● DIRECTIONS FOR THIS TASK
In the data below, locate the line containing "The Free Wheeling" and the line containing "5/5 コミティア140 新刊のお知らせ&お品書き", then retype both and everything between them exactly. Pictures are not part of the copy.

*** Opening PROVIDED RECORDS ***

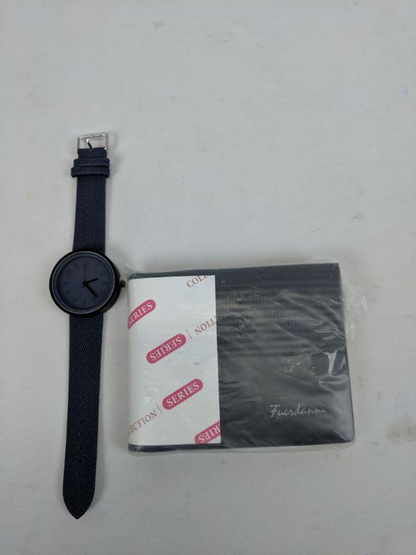 Navy Watch & Faux Leather Wallet - New
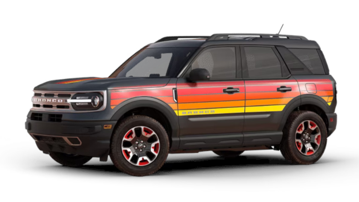 The Free Wheeling Bronco Sport features a special sunset-inspired red, orange, and yellow livery, reminiscent of the ’70s era design. The exterior also includes black steel wheels with red accents and blacked-out finishes on the bumpers, mirrors, and grilles.
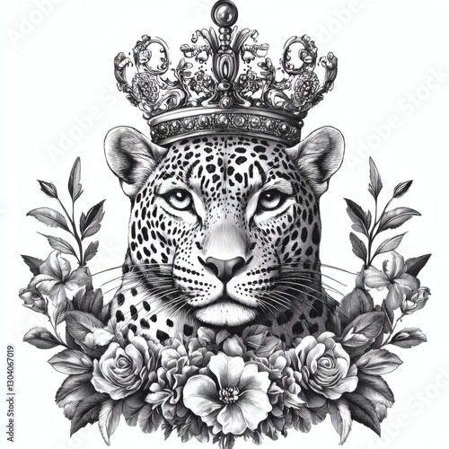 Fototapeta premium Tiger with crown and floral wreath in engraving or woodcut style
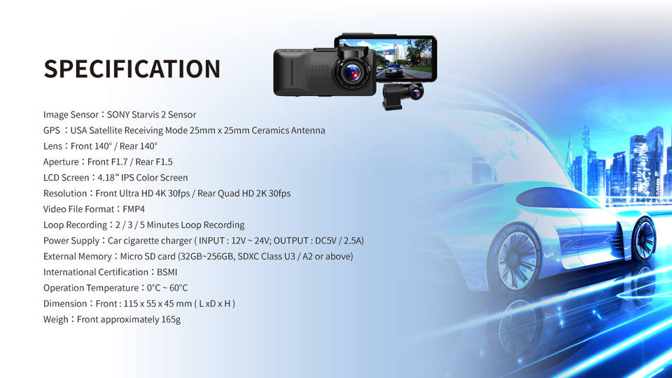 Night Vision, Build-in WiFi, App Control, Voice Interaction, Build-in GPSFunction
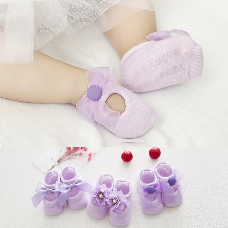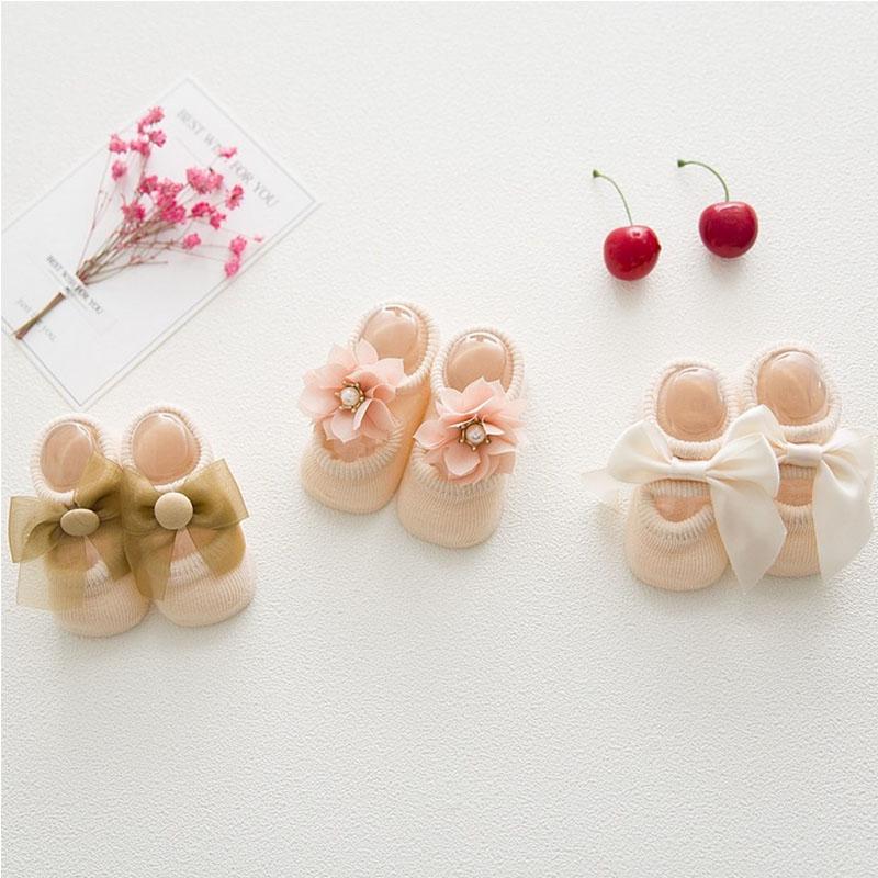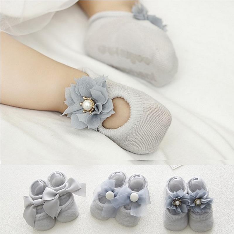 1 пара хлопковых кружевных носков с бантом для маленьких девочек, скользких носков, носков
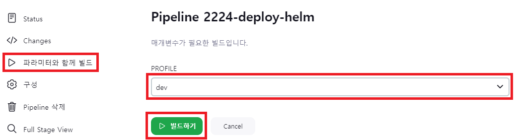 2. 파라미터와 함께 빌드 실행 후 PROFILE을 dev로 선택하고 빌드하기 클릭
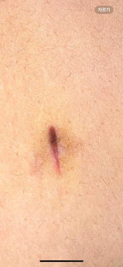 복강경 수술 후 배액관자리인데 살짝 벌어져있고 그 안으로 딱지져있는 상태입니다
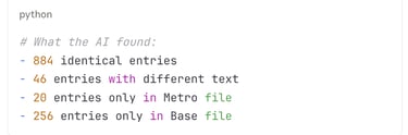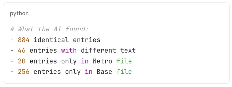 The magic: Every single text string was compared programmatically. Zero manual errors, 100% coverage.
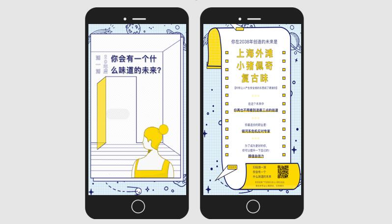 H5介绍:开始的人物选择进入时光号,中间穿插问答题的互动形式,最后生成海报。
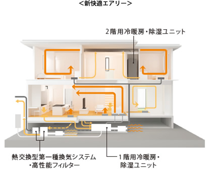独自の全室空調「新快適エアリー」を新たに開発しました。従来の「快適エアリー」は、床下大空間に設置したヒートポンプ式空調が最も活用度の高い1階LDKのメイン空調として冷暖房・除湿を行い、2階はサポート空調として、補助エアコンを必要とするシステムでしたが、「新快適エアリー」では2階にもヒートポンプ式の集中型冷暖房ユニットを設置。家じゅうの居室全てで個別エアコンを不要にしながら温度差を少なくすることが可能になり、快適性とインテリア性を高めました。
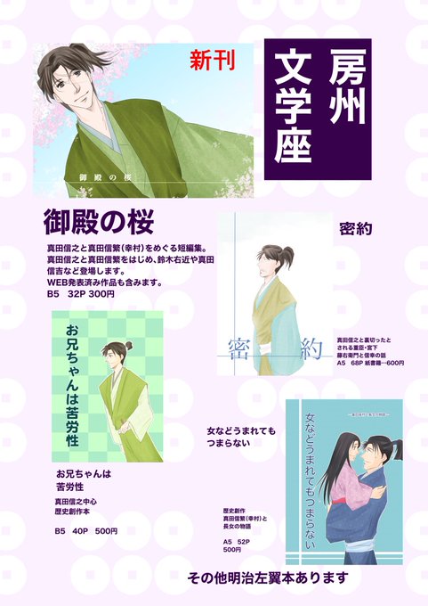 5/5 コミティア140 新刊のお知らせ&お品書き #真田信之 #真田信繁 #オリジナル #COMITIA140 pixiv.net/artworks/98080…
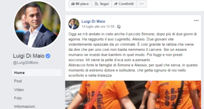 Il vice premier, domenica scorsa, dopo aver appreso della morte di Simone, aveva dedicato ai due cuginetti vittoriesi questo post: “Oggi se n’è andato in cielo anche il piccolo Simone, dopo più di due giorni di agonia. Ha raggiunto il suo cuginetto, Alessio. Due giovani vite violentemente spezzate da un criminale. È così grande la rabbia che viene da dire che per uno così non basta nemmeno il carcere. Sei un essere inumano se investi due bambini in quel modo. Poi fuggi e non presti soccorso. Mi viene la pelle d’oca solo a pensarlo. Abbraccio forte le famiglie di Simone e Alessio, per quel che serva, in questo momento di estremo dolore e solitudine, che getta ognuno di noi nello sconforto e nella tristezza”.
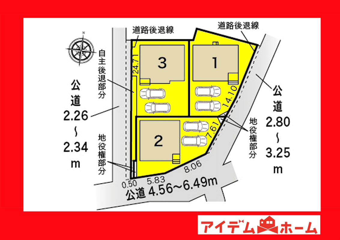 | 駐車場 | 1台 ~ 2台 | 道路の幅員 | 西側幅員2.2m公道、南側幅員4.5m公道、東側幅員2.8m公道 |
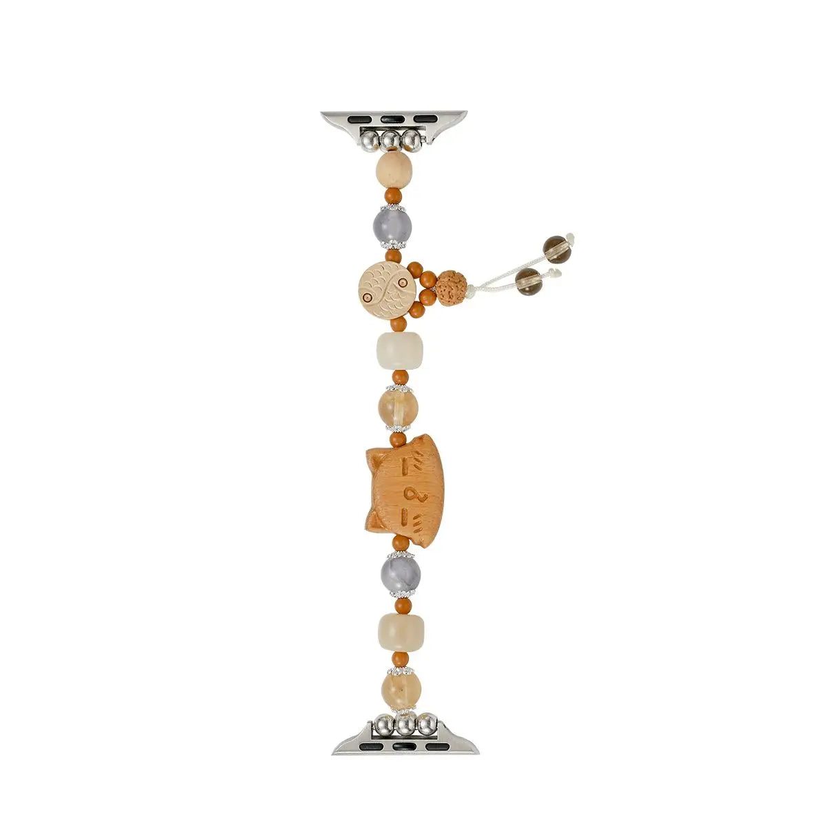 Wooden Cat Beaded Apple Watch Band – Handmade Bracelet Strap
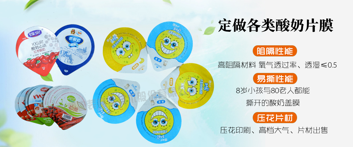在包裝工業(yè)發(fā)展的基礎(chǔ)上,物品的包裝也得到相應(yīng)的發(fā)展。從簡(jiǎn)單紙包裝,到單層塑料薄膜包裝,發(fā)展到復(fù)合材料的廣泛使用。包裝蓋膜能使包裝內(nèi)含物具有保濕、保香、美觀、保鮮、避光、防滲透、延長(zhǎng)貨架期等特點(diǎn),因而得到迅猛發(fā)展。蓋膜就是一種為了便利人們使用產(chǎn)品的復(fù)合膜包裝制品,所謂易揭蓋膜簡(jiǎn)而言之就是在一個(gè)相對(duì)厚度、硬度比較大的碗狀容器上的一層質(zhì)地比較軟、容易揭開(kāi)的蓋子。

*** Closing PROVIDED RECORDS ***

● REPLY TO THE TASK
 The Free Wheeling Bronco Sport features a special sunset-inspired red, orange, and yellow livery, reminiscent of the ’70s era design. The exterior also includes black steel wheels with red accents and blacked-out finishes on the bumpers, mirrors, and grilles.
 Fototapeta premium Tiger with crown and floral wreath in engraving or woodcut style
 Night Vision, Build-in WiFi, App Control, Voice Interaction, Build-in GPSFunction
 1 пара хлопковых кружевных носков с бантом для маленьких девочек, скользких носков, носков
 2. 파라미터와 함께 빌드 실행 후 PROFILE을 dev로 선택하고 빌드하기 클릭
 복강경 수술 후 배액관자리인데 살짝 벌어져있고 그 안으로 딱지져있는 상태입니다
 The magic: Every single text string was compared programmatically. Zero manual errors, 100% coverage.
 H5介绍:开始的人物选择进入时光号,中间穿插问答题的互动形式,最后生成海报。
独自の全室空調「新快適エアリー」を新たに開発しました。従来の「快適エアリー」は、床下大空間に設置したヒートポンプ式空調が最も活用度の高い1階LDKのメイン空調として冷暖房・除湿を行い、2階はサポート空調として、補助エアコンを必要とするシステムでしたが、「新快適エアリー」では2階にもヒートポンプ式の集中型冷暖房ユニットを設置。家じゅうの居室全てで個別エアコンを不要にしながら温度差を少なくすることが可能になり、快適性とインテリア性を高めました。
 5/5 コミティア140 新刊のお知らせ&お品書き #真田信之 #真田信繁 #オリジナル #COMITIA140 pixiv.net/artworks/98080…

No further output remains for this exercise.